Oleh Irfan Basri
Lima belas tahun sebelum Pergerakan Mahasiswa Islam Indonesia (PMII) lahir, (17 April 1960), Surabaya menjadi arena perang besar menghadapi invasi Inggris. Hampir sebulan sebelumnya (22 oktober 1945) Resolusi Jihad NU berkumandang.
Harga Proklamasi 17 Agustus 1945 sungguh mahal. Surabaya membayarnya. Dari 140 ribu kaum bersenjata, kurang lebih 40 ribu orang meregang nyawa. Dan tentu saja kaum santri dan rakyat adalah korban utama perjuangan ini.
Surabaya telah menjadi kota revolusi. Tak tanggung-tanggung, yang dilawan adalah Inggris, sang pemenang Perang Dunia ke-2. Mereka berpikir Surabaya bisa digertak lewat bombardemen dan parade persenjataan modern. Rakyat Surabaya pewaris kejayaan Majapahit tak kenal gentar. Inggris tak akan pernah lupa pada kegigihan para patriot Surabaya.
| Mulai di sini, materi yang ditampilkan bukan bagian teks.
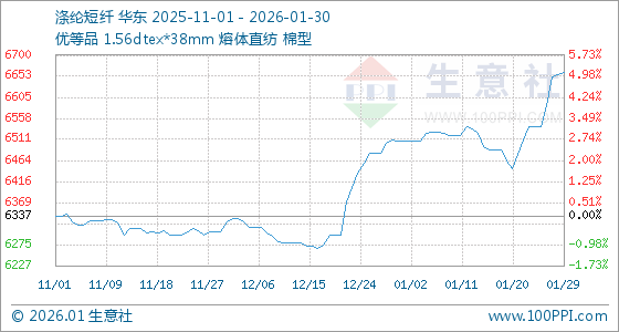 1月30日,生意社涤纶短纤基准价为6660.91元/吨,与本月初(6507.33元/吨)相比,上涨了2.36%。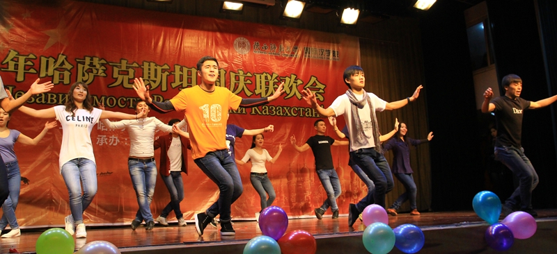 院长张建成,俄语系主任孟霞,历史学院教授王国杰及我校和兄弟院校的近300名哈萨克斯坦及中亚地区留学生欢聚一堂,共话友谊,展望丝绸之路新辉煌。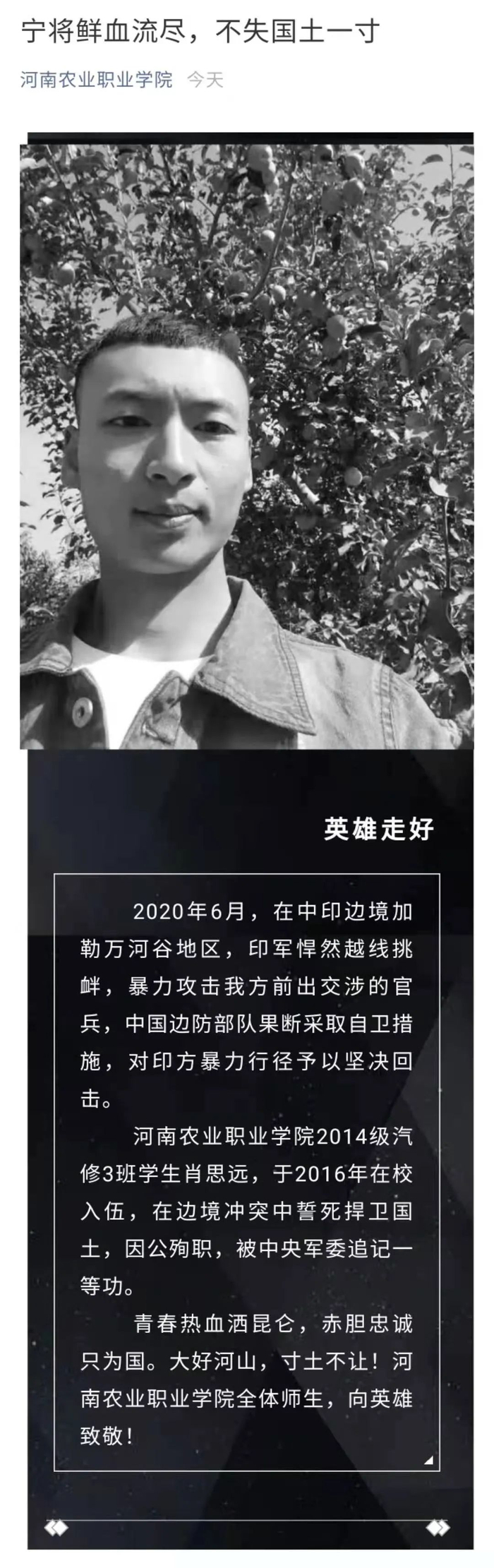 文中称,河南农业职业学院2014级汽修3班学生肖思远,在边境冲突中誓死捍卫国土,因公殉职,被中央军委追记一等功。青春热血洒昆仑,赤胆忠诚只为国。大好河山,寸土不让!河南农业职业学院全体师生,向英雄致敬!

PMII lahir di Surabaya. Di atas monumen perlawanan rakyat paling heroik. Dalam jiwa revolusi gegap-gempita. Seperti Sarekat Islam dan NU, PMII hadir sebagai 'kontinuum' dari ikhtiar besar menjaga martabat bangsa dalam pergaulan Dunia. Karena itu jiwa PMII adalah jiwa Revolusi!.
Dalam diri PMII tertanam gen dan watak Perang Surabaya. Patriotisme mutlak menjadi ruh, jiwa, dan nalar pergerakan PMII. Karena itu, mari lanjutkan episode Perang Surabaya dalam konteks kekinian.
Dunia masih dikuasai oleh gabungan nekolim multipolar. Bangsa Indonesia tak boleh lengah dan menyerah. PMII adalah patriot sekaligus perisai Indonesia. Ingatlah Perang Surabaya tidak sebagai upacara seremonial, tapi sebagai palagan perang rakyat terbesar dalam masa Indonesia Modern!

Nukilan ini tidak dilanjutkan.